The Fibonacci Series is a standard programming problem scenario, and we can obtain the series or nth Fibonacci number using both iterative as well as recursive. In this post, we’ll compare, discuss both methods and their complexities.

## Fibonacci Series – Example

`0 1 1 2 3 5 8 13 21 34 55 89 144`

The principle behind this order/sequence is very simple

The third number will be the sum of first two numbers and this keep repeating

The Mathematical formula would be, **F _{n} = F_{n-1} + F_{n-2 }**

```
0 1
0 1 1 (0+1)
0 1 1 2 (1+2)
0 1 1 2 3 (2+3)
```

## Fibonacci – Iterative Method

```
#include <iostream>
int Fibonacci(int n)
{
int i, one = 0, two = 1, three;
if (n == 0)
return one;
for (i = 2; i <= n; i++)
{
three = one + two;
one = two;
two = three;
}
return two;
}
int main()
{
int n = 10;
std::cout<<Fibonacci(n);
return 0;
}
```

**Time Complexity: **O(N)

**Space Complexity:** O(1)

## Explanation

Here we iterate n no.of times to find the nth Fibonacci number nothing more or less, hence time complexity is O(N), and space is constant as we use only three variables to store the last 2 Fibonacci numbers to find the next and so on.
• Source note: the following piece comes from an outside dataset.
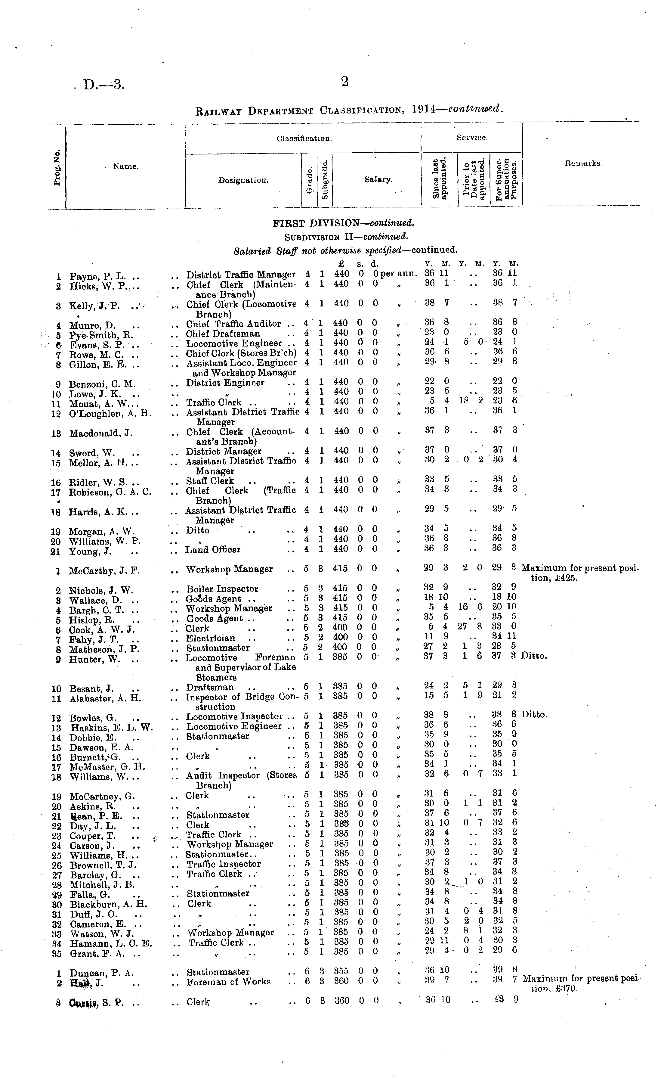 Classii fication. i Service. Classification. service. o S5 oj Name. g CM 6 i Name. _ _ I » I l| *ij Hi Bemarks Designation. 1 £. Salary. gg g «-g Soa Designation. FIRST DIVISION— continued. Subdivision II — continued. 1 Payne, P. L. .. 2 Hicks, W. P.... 3 Kelly, J. P. .. 4 Munro, D. 5 Pye-Smith, B. 6 Evans, S. P. 7 Rowe, M. C. 8 Gillon, E. E. 9 Benzoni, C. M. 10 Lowe, J. K. .. 11 Mouat, A. W... 12 O'Loughlen, A. H. 13 Macdonald, J. 14 Sword, W. 15 Mellor, A. H. .. 16 Ridler, W. S. .. 17 Robieson, G. A. C. * 18 Harris, A. K. .. 19 Morgan, A. W. 20 Williams, W. P. 21 Young, J. Salaried Staff not otherwise specified —continued. £ s. d. Y. m. Y. m. Y. M. .. District Traffio Manager 4 1 440 0 Operann. 36 11 .. 36 11 .. Chief Clerk (Mainten- 4 1 440 0 0 „ 36 1 .. 36 1 ance Branch) .. Chief Clerk (Locomotive 4 1 440 0 0 , 38 7 .. 38 7 Branch) .. Chief Traffic Auditor .. 4 1 440 0 0 „ 36 8 .. 36 8 .. Chief Draftsman .. 4 1 440 0 0 „ 23 0 .. 23 0 .. Locomotive Engineer .. 4 1 440 0 0 „ 24 1 5 0 24 1 .. Chief Clerk (Stores Br'ch) 4 1 440 0 0 , 36 6 .. 36 6 .. Assistant Loco. Engineer 4 1 440 0 0 „ 29-8 .. 29 8 and Workshop Manager .. Distriot Engineer .. 4 1 440 0 0 „ 22 0 .. 22 0 .. 4 1 440 0 0 „ 23 5 .. 23 5 .. Traffic Clerk .. .. 4 1 440 0 0 „ 5 4 18 2 23 6 .. Assietant Distriot Traffic 4 1 440 0 0 „ 36 1 36 1 Manager .. Chief Clerk (Account- 4 1 440 0 0 „ 37 3 37 3 ant's Branch) .. District Manager .. 4 1 440 0 0 . 37 0 .. 37 0 .. Assistant Distriot Traffio 4 1 440 0 0 „ 30 2 0 2 30 4 Manager Staff Clerk .. .. 4 1 440 0 0 „ 33 5 33 5 .. Chief Clerk (Traffio 4 1 440 0 0 „ 34 3 .. 34 3 Branch) .. Assistant District Traffic 4 1 440 0 0 „ 29 5 29 5 Manager Ditto .. .. 4 1 440 0 0 „ 34 5 .. 34 5 .. 4 1 440 0 0 „ 36 8 .. 36 8 Land Officer .. i 1 440 0 0 „ 36 3 .. 36 3 1 McCarthy, J. P. Workshop Manager .. 5 3 415 00 „ 29 3 20 29 3 Maximum for present position, £425. 2 Nichols, J. W. 3 Wallaoe, D. .. 4 Bargh, 0. T. .. 5 Hislop, R. 6 Cook, A. W. J. 7 Fahy, J. T. .. 8 Matheson, J. P. 9 Hunter, W. .. 10 Besant, J. 11 Alabaster, A. H. 12 Bowles, G. 13 Haskins, E. L. W. 14 Dobbie, E. 15 Dawson, E. A. 16 Burnett.'G. .. 17 MeMaster, G. H. 18 Williams, W. .. 19 MoCartney, G. 20 Aekins, R. 21 Rean, P. E. .. 22 Day, J. L. 23 Couper, T. .. , 24 Carson, J. 25 Williams, H. .. 26 Brownell, T. J. 27 Barclay, G. .. 28 Mitchell, J. B. 29 Palla, G. 30 Blackburn, A. H. 31 Duff, J. O. 32 Cameron, E. .. 33 Watson, W. J. 34 Hamann, L. C. E. 35 Grant, P. A. .. Boiler Inspector .. 5 3 415 0 0 „ 32 9 .. 32 9 Goods Agent .. .. 5 3 415 0 0 „ 18 10 .. 18 10 .. Workshop Manager .. 5 3 415 0 0 , 5 4 16 6 20 10 Goods Agent .. .. 5 3 415 0 0 „ 35 5 .. 35 5 Clerk .. .. 5 2 400 0 0 „ 5 4 27 8 33 0 Electrician .. .. 5 2 400 0 0 „ 11 9 .. 34 11 . Stationmaster .. 5 2 400 0 0 „ 27 2 1 3 28 5 .. Locomotive Foreman 5 1 385 0 0 „ 37 3 1 6 37 3 Ditto, and Supervisor of Lake Steamers Draftsman .. .. 5 1 385 0 0 . 24 2 5 1 29 3 .. Inspector of Bridge Con- 5 1 385 0 0 „ 15 5 1 9 21 2 struction .. Locomotive Inspector .. 5 1 385 0 0 „ 38 8 .. 38 8 Ditto. Locomotive Engineer .. 5 1 385 0 0 „ 36 6 .. 36 6 .. Stationmaster .. 5 1 385 0 0 „ 35 9 .. 35 9 .. 5 1 385 0 0 „ 30 0 .. 30 0 Clerk " .. .. 5 1 385 0 0 „ 35 5 .. 35 5 .. 5 1 385 0 0 „ 34 1 .. 34 1 .. Audit Inspector (Stores 5 1 385 0 0 „ 32 6 0 7 33 1 Branch) Clerk .. .. 5 1385 0 0 ,, 31 6 .. 31 6 .. 5 1 385 0 0 , 30 0 1 1 31 2 '.". St'ationmaster .. 5 1 385 0 0 „ 37 6 .. 37 6 Clerk .. .. 5 1 38S 0 0 „ 31 10 0 7 32 6 Traffic Clerk .. .. 5 1 385 0 0 : ' 32 4 .. 33 2 .. Workshop Manager .. 5 1 385 0 0 „ 313 .. 31 3 .. Stationmaster.. .. 5 1 385 0 0 „ 30 2 ... 30 2 .. Traffic Inspector .. 5 1 385 0 0 „ 37 3 .. 37 3 Traffio Clerk .. .. 5 1 385 0 0 „ 34 8 .. 34 8 .. 5 1 385 0 0 . 30 2 1 0 31 2 '.'. Stationmaster .. 5 1 385 0 0 „ 34 8 .. 34 8 Clerk .. .. 5 1 385 0 0 „ 34 8 .. 34 8 .. 5 1 385 0 0 , 31 4 0 4 31 8 ", .. ..5 1 385 0 0 „ 30 5 2 0 32 5 '.' Workshop Manager .. 5 1 385 0 0 „ 24 2 8 1 32 3 Traffic Clerk .. .. 5 1 385 0 0 „ 29 11 0 4 30 3 . 5 1 385 0 0 „ 29 4 0 2 29 6 1 Duncan, P. A. 2 Hail, J. .. Stationmaster .. 6 3 355 0 0 „ 36 10 .. 39 8 Foreman of Works .. 6 3 360 0 0 „ 39 7 .. 39 7 Maximum for present posi lion, £370. 3 Ourtis, S. P. .', .. Clerk ,. .. 6 3 360 0 0 3G 10 ,, 43 9

## Fibonacci Series- Recursive Method C++

```
#include <iostream>
int Fibonacci(int n)
{
if (n <= 1)
return n;
return Fibonacci(n-1) + Fibonacci(n-2);
}
int main ()
{
int n = 3;
std::cout << Fibonacci(n);
return 0;
}
```

**Time Complexity: **O(2^{N}) Exponential

**Space Complexity:** O(N)

## Explanation

First, we’ll consider the Time Complexity, for example

If n > 1 then T(n) = T(n-1) + T(n-2), because each recursion would call two more making the Time Complexity Exponential

Space looks constant but every time recursion is carried out there is a lot going on in the background as stack memory is used up for every call.

### Which one’s the Fastest?

It’s obvious, **Iterative method is the fastest **as well as memory efficient as we store only the last two values.

This post part of my #30DaysChallenge to write a blog post every day.